О нет, он вовсе не был догматиком, его верность идеалам молодости не надо понимать так узко и плоско. У него это доблесть, а не порок. О догматизме он написал балладу («Немецкий пролетарий не должон»), в которой слышится смех сквозь слезы. Герой этой баллады, майор Петров, жертва собственной слепоты, и гейневский Enfant perdu – очень разные человеческие типы. Слуцкий был ближе, конечно, ко второму, но и от него существенно отличался. Ведь смотреть на себя со стороны он умел не только под конец, когда родились строки: «Я был в игре. Теперь я вне игры» и «Уценяйтесь, переоценяйтесь, реформируйтесь, деформируйтесь, пародируйте, деградируйте, но без меня, без меня, без меня». Нет, задолго до того, как баз Herze brach («разбилось сердце»), можно сказать, на всем протяжении своего поэтического пути, он умел направлять на себя самого весьма скептический или горько-иронический взгляд. В 1952 году (под этими стихами, не в пример другим, стоит дата) он оставил выразительнейший образец такого умения:
Я строю на песке, а тот песок
еще недавно мне скалой казался.
Он был скалой, для всех скалой остался,
а для меня распался и потек.
… … … … … … … … … … … …
Но верен я строительной программе.
Прижат к стене, вися на волоске,
Я строю на плывущем под ногами,
На уходящем из-под ног песке.
Стихи эти написаны в предпоследний календарный год кровавого сталинского разгула. В марте следующего, 1953 года у многих появилась вера в скорые перемены к лучшему. Литературную судьбу Слуцкого год смерти «бога в хромовых сапогах» повернул со знаменательной незамедлительностью. Именно в этом году уже в августе, поэт, наконец, вышел на публику, напечатался по сути впервые: ведь одна предвоенная публикация, да и та в подборке, рядом со стихами других студентов, и забылась, и вообще принадлежала как бы другой эпохе, автору с совсем иным жизненным опытом. Стихотворение «Памятник», вышедшее внушительным тиражом, в большой газете, заявило всем, кого это касалось, что существует еще один настоящий, ни на кого не похожий поэт.

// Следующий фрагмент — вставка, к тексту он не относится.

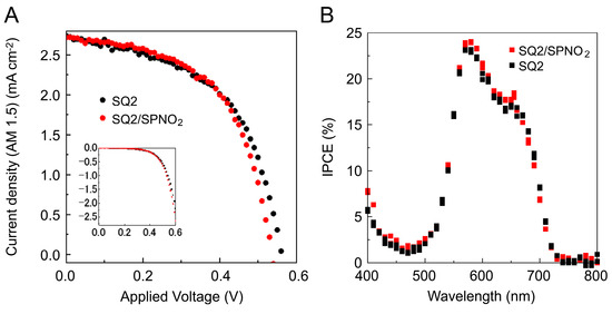 (A) J–V profiles of SQ2-containing and SQ2/SPNO2-containing DSSCs measured under Vis irradiation. The light intensity was 100 mWcm−2. An aperture mask of 0.16 cm−2 was used. The inset shows the dark current density of SQ2-containing and SQ2/SPNO2-containing DSSCs. (B) IPCE spectra of SQ2-containing and SQ2/SPNO2-containing DSSCs measured under 400–800 nm light irradiation.
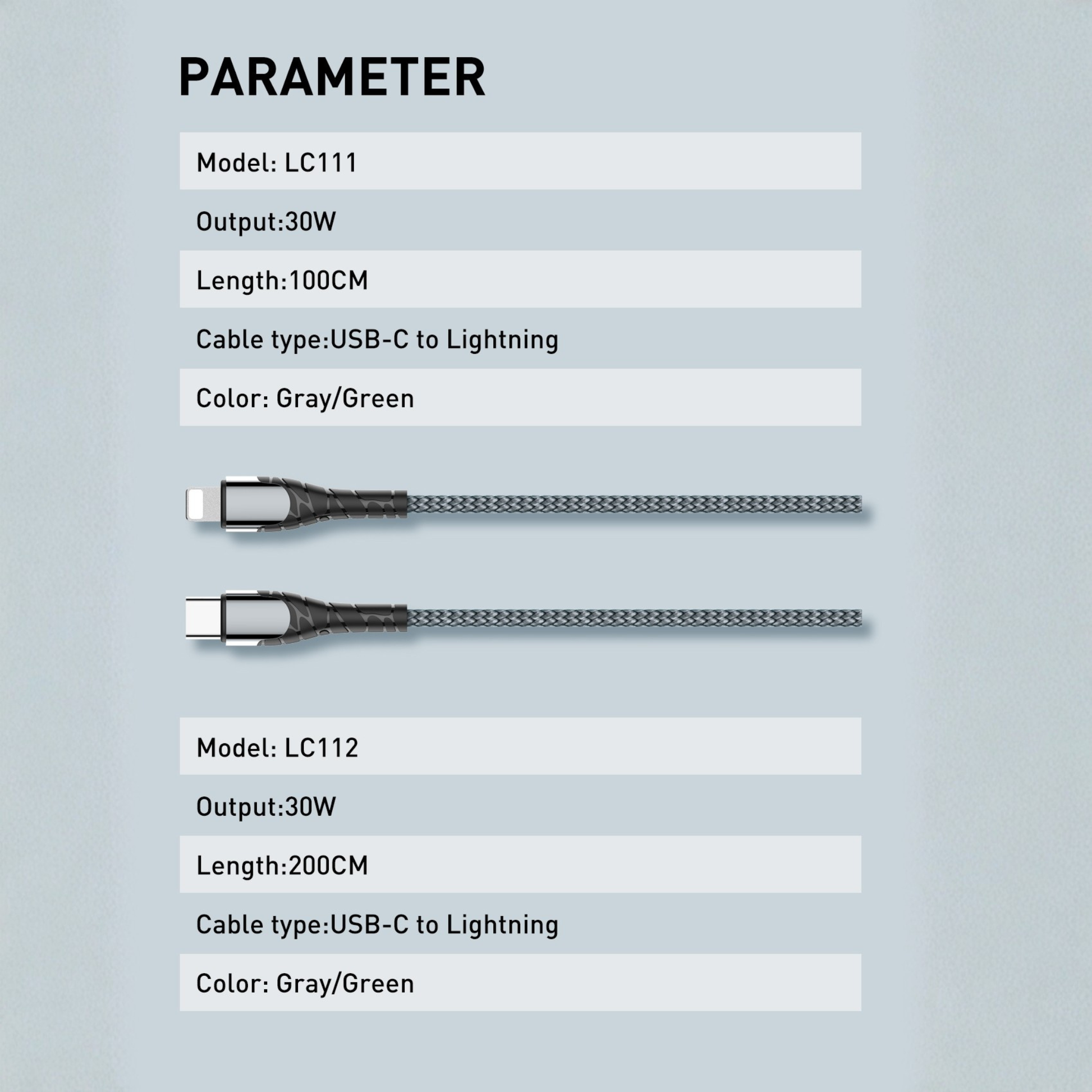 كيبل شحن سريع PD 30W USB-C إلى Lightning – طراز LC111 / LC112
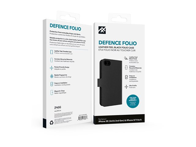 iFrogz Defence - Lommebok for mobiltelefon - lær - svart - for Apple iPhone 6, 6s, 7, 8, SE (2nd generation), SE (3rd generation) 302007106

Нелепо думать, будто «песок» стал для него снова «скалой», как ни в чем не бывало, догматиком он, повторяю, не был, но ощущение, что песок перестал «плыть под ногами», «уходить из-под ног», надо полагать, появилось. «Эпоха зрелищ кончена. Пришла эпоха хлеба». В этом его афоризме той поры слышалась какая-то удовлетворенность, умиротворенность. Мог ли он, могли ли мы все тогда оценить значение следа, оставленного в душах «эпохой зрелищ», понять, насколько затяжной характер носит простуда, после того как мир был «просквожен и продут бурей страха»? И «эпоха зрелищ», и эта простуда оказались куда более живучими, чем думалось, и пастернаковская история была тому ясным свидетельством, но она-то произошла еще сравнительно скоро после смерти «бога», жутковатых «зрелищ» хватало и много позднее. Впрочем, «эпоха хлеба» действительно наступила, но она как-то не торопилась и впрямь покончить с предшествовавшей, она как-то уживалась с ней, да и сама не отличалась благообразием. «Социализм был выстроен, поселим в нем людей», – заканчивал Слуцкий то стихотворение, откуда пошел гулять афоризм о смене эпох. «Эпоха хлеба», вскармливавшая и раскармливавшая всесильную чиновную братию, вовсе, оказывалось, не спешила поселить в социализме людей.
Для того напряжения между личностью поэта и его обществом, благодаря которому возникает электрическая энергия поэзии, генераторы и в «эпоху хлеба» отнюдь не переставали работать.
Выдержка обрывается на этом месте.